World's most popular travel blog for travel bloggers.

# [Answers] Image Comparison tuned to Human Perception

, ,
Problem Detail:

Say I have two systems that take the same drawing commands and starts drawing on their respective platforms (i.e. HTML Canvas). After this is done, I want to save and compare these two images to ensure that they are perceptually the same, even though the shapes and colors may be very slightly off (non-perceptible differences).

I tried using perceptual hashes, but unfortunately it does not seem sensitive enough for this task. So for example, if you set 1000 pixels all black (for an image that is 1920x1080) on one and compare it to the other, it will be very obvious perceptually but the pHash algorithm will still return a 100% match.

I tried using nearest neighbor averaging for all pixels. Basically, for each pixel, I averaged its value with that of a number of its neighbors and set this value back to the pixel. This seems to work well with shapes that have hard edges and straight lines, because it only takes a very small localized change for it to be perceptibly different. For long curves, this is not so good since there can be moderate changes throughout the entire curve with it still being considered perceptually the same.

Does there exist an algorithm that can handle perceptually small changes in many possible shapes/curves? Should I use multiple algorithms to handle this task?

Unfortunately there is not likely to be any good general algorithm for this. Human perception is extremely complex. The best you can do is find algorithms that will sometimes recognize two images as perceptually similar, but there will inevitably be some pairs of images that humans would classify as perceptually similar but your algorithm won't detect as similar.

Your best bet is probably to try to find out exactly what minor differences tend to be introduced by these particular platforms, and then try to devise an algorithm that is tuned to those particular kinds of differences -- you'll probably have better luck than that than with any general algorithm.

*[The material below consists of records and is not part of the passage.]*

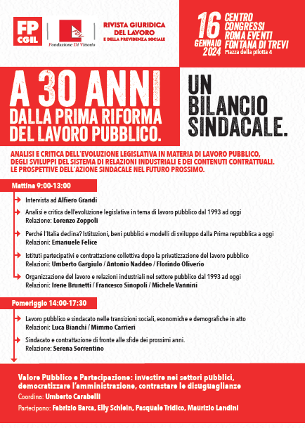 Da Mar, 16/01/2024 a Mar, 16/01/2024 Mode On-site-only File Programma673.39 KB 15/01/2024 A 30 anni dalla prima Riforma del Lavoro Pubblico. Un bilancio sindacale on-site only h. 9:00 | Piazza della pilotta 4, Roma Centro Congressi Roma Eventi Fontana di Trevi in Piazza della pilotta 4, h. 9.00-17.30
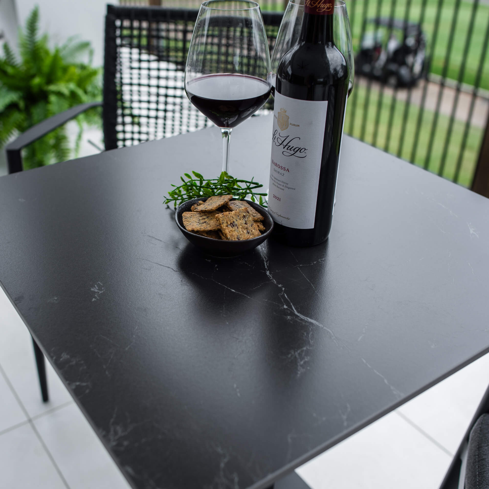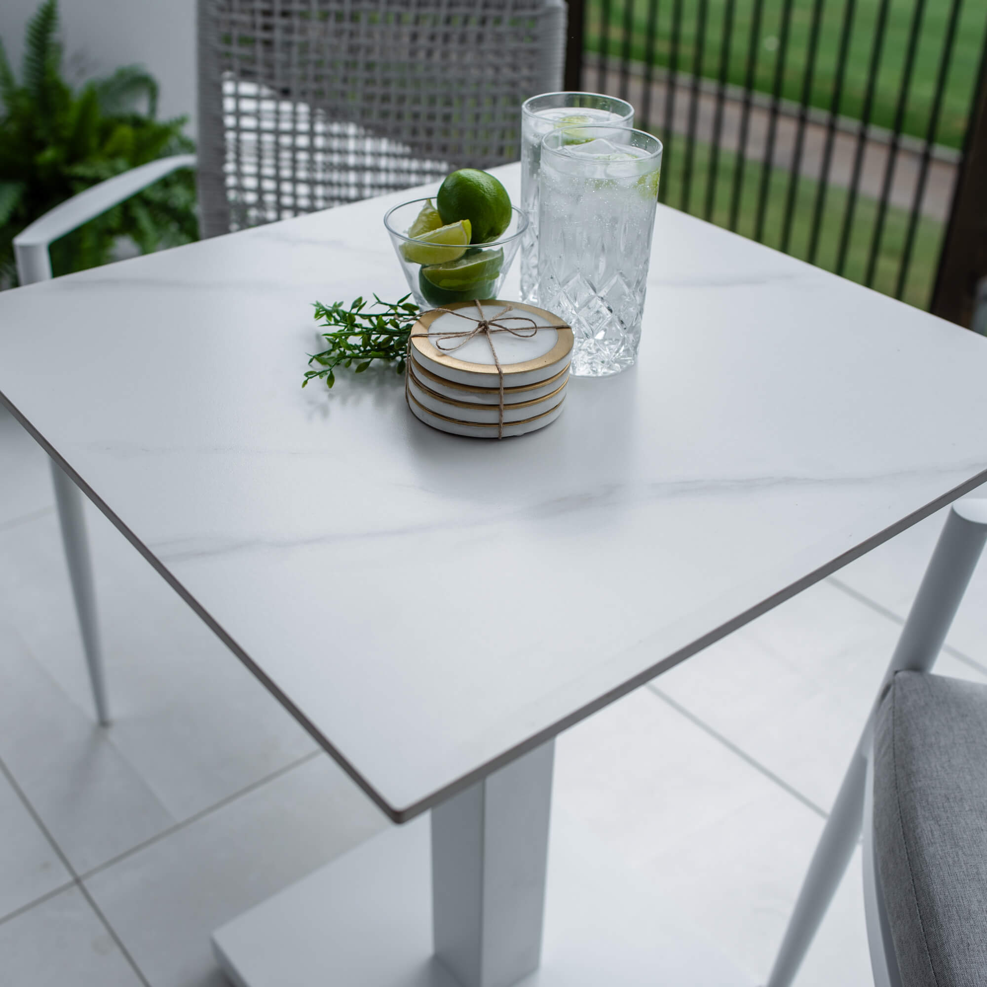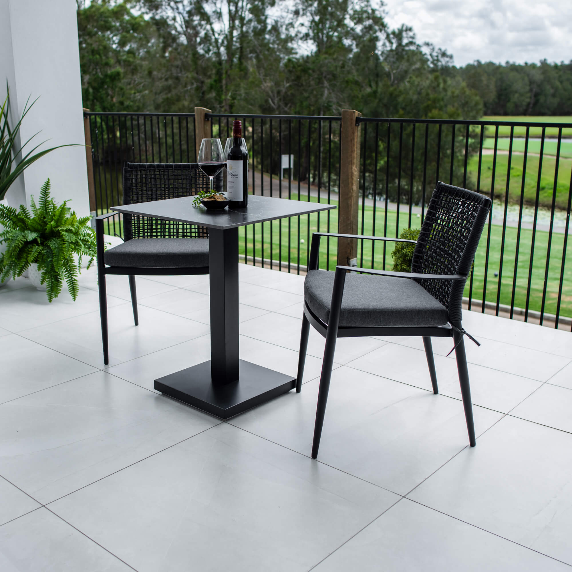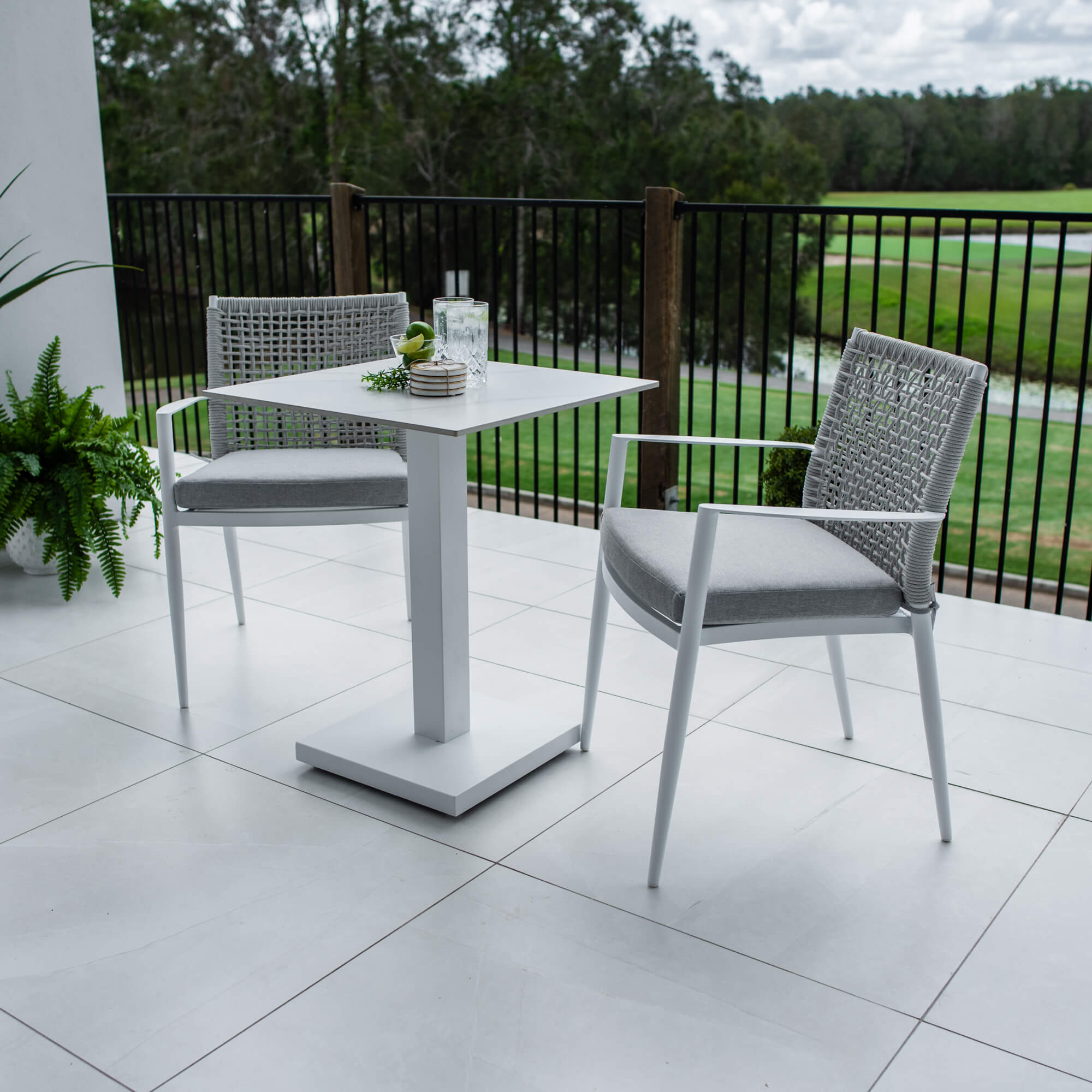 Crafted with Aluminium Frames and a Sintered Stone Top, the Lennox Table provides style and durability. Made with a stone base, the sturdiness of the Lennox Table is perfect for windy balconies. The Vienna Rope Dining chairs are made with Aluminium Frames and Textilene Rope to provide style and strength. This chair includes the seat cushion.
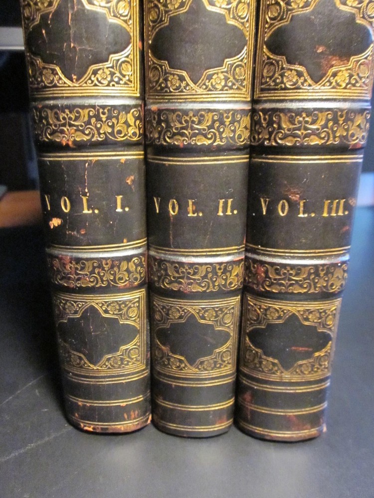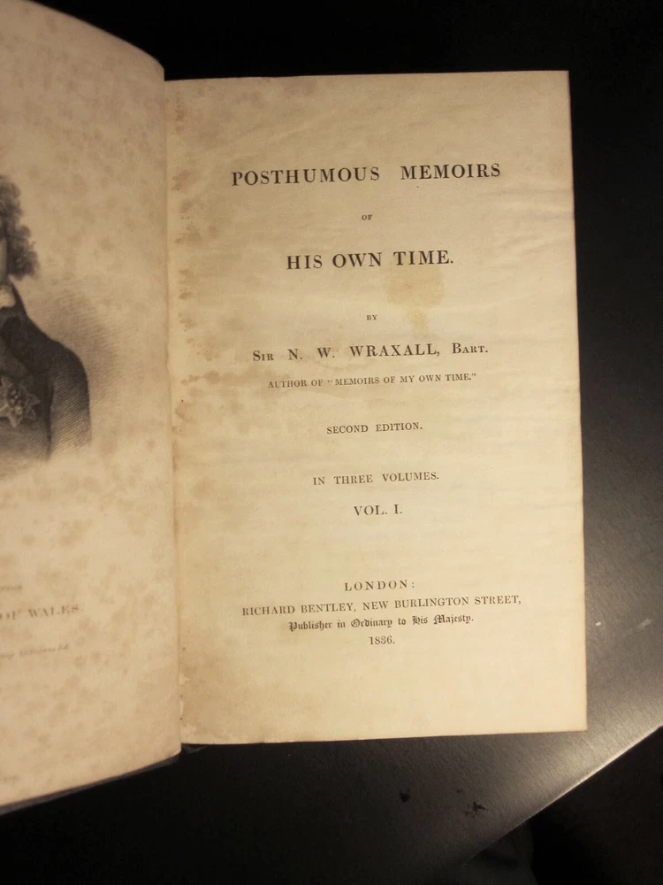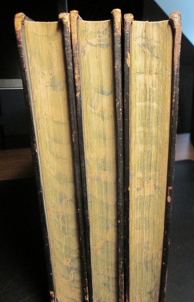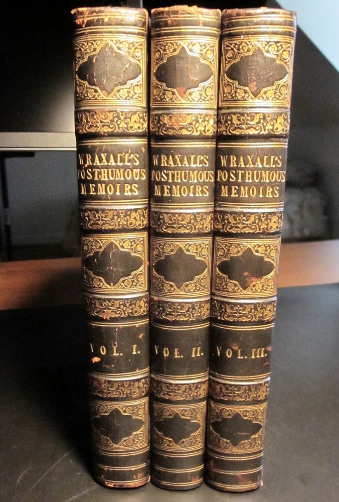 Wraxall, N.W. POSTHUMOUS MEMOIRS OF HIS OWN TIME. London: Richard Bentley, 1836. Second edition.Three volumes complete.1st Edition. . Complete with six engraved portraits. Bound in full black leather, gilt ruled , all edges marbled to match the interior marbled boards. 8vo ,about (6"x9").Gilt decorated spines. Leather covers have an embossed diamond imprint CONDITION: A very good set, complete and tightly bound. Scratches and minor wear (please see pics). Some foxing especially to title pages and portrait. TERMS: By bidding you are agreeing to settle the transaction within three business days. Shipping is free to U.S. bidders via media rate. Tracking will be provided. International bidders please use eBay's Global shipping program. Returns accepted within thirty days for any reason with prior approval. You must be pleased. The item in the photograph is the item you will receive.
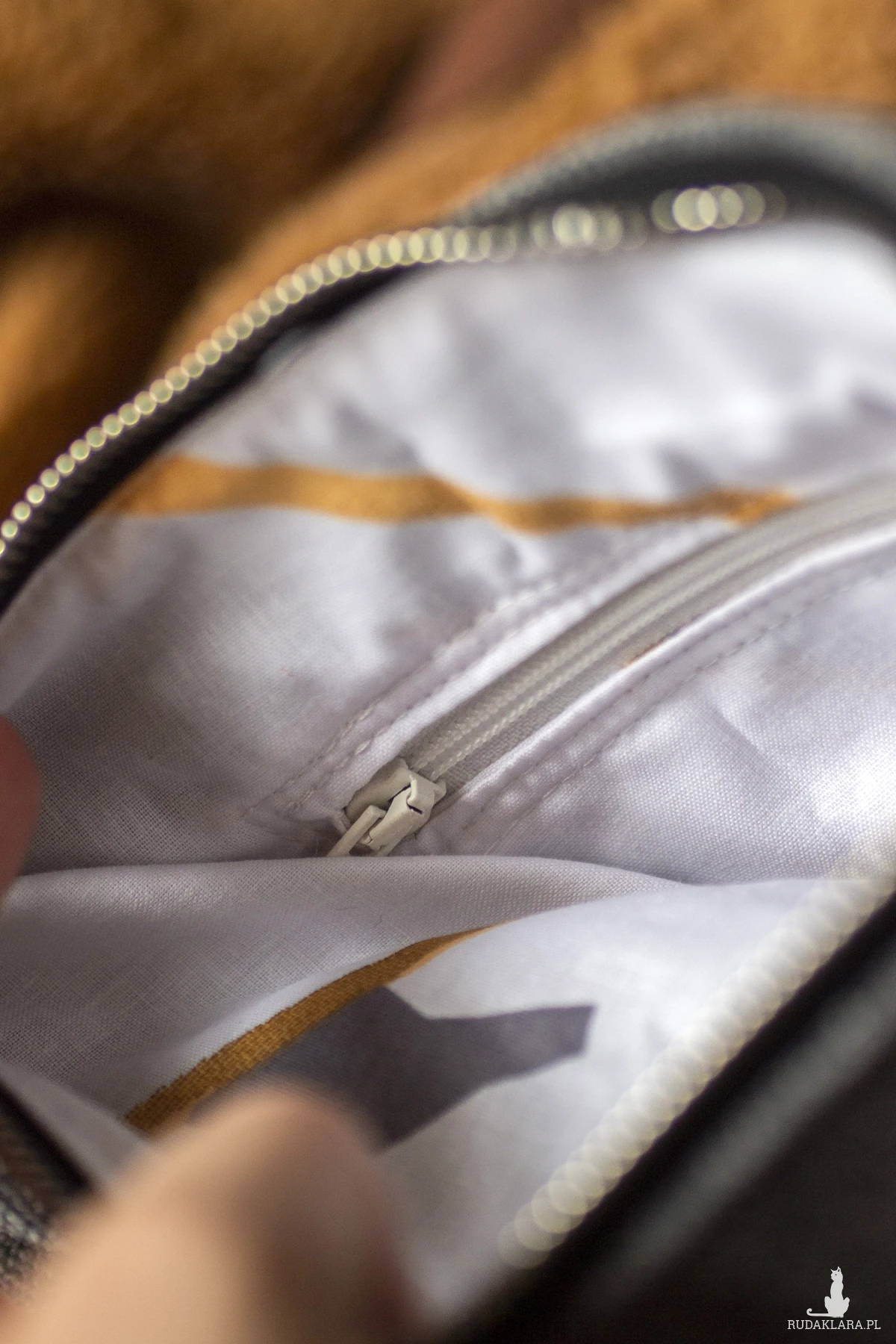 Małe zaszewki na dnie. Z tyłu oraz w środku torebki kieszonki zapinane na suwak. Środek wykończony bawełnianą podszewką.

One very simple algorithm is to align the two images (e.g., using SIFT/SURF/etc.), add a bit of Gaussian blur to the two images, downscale, and then compare using a L2 norm. Another simple algorithm is to align the two images with SIFT/SURF/etc., and then compute a metric based upon the number of inliers vs outliers in the feature points (how well the set of feature points from the first image match up with the set of feature points from the second image). However, it's hard to know how well this will work for your particular application, without knowing the details of the differences that tend to arise in your situation.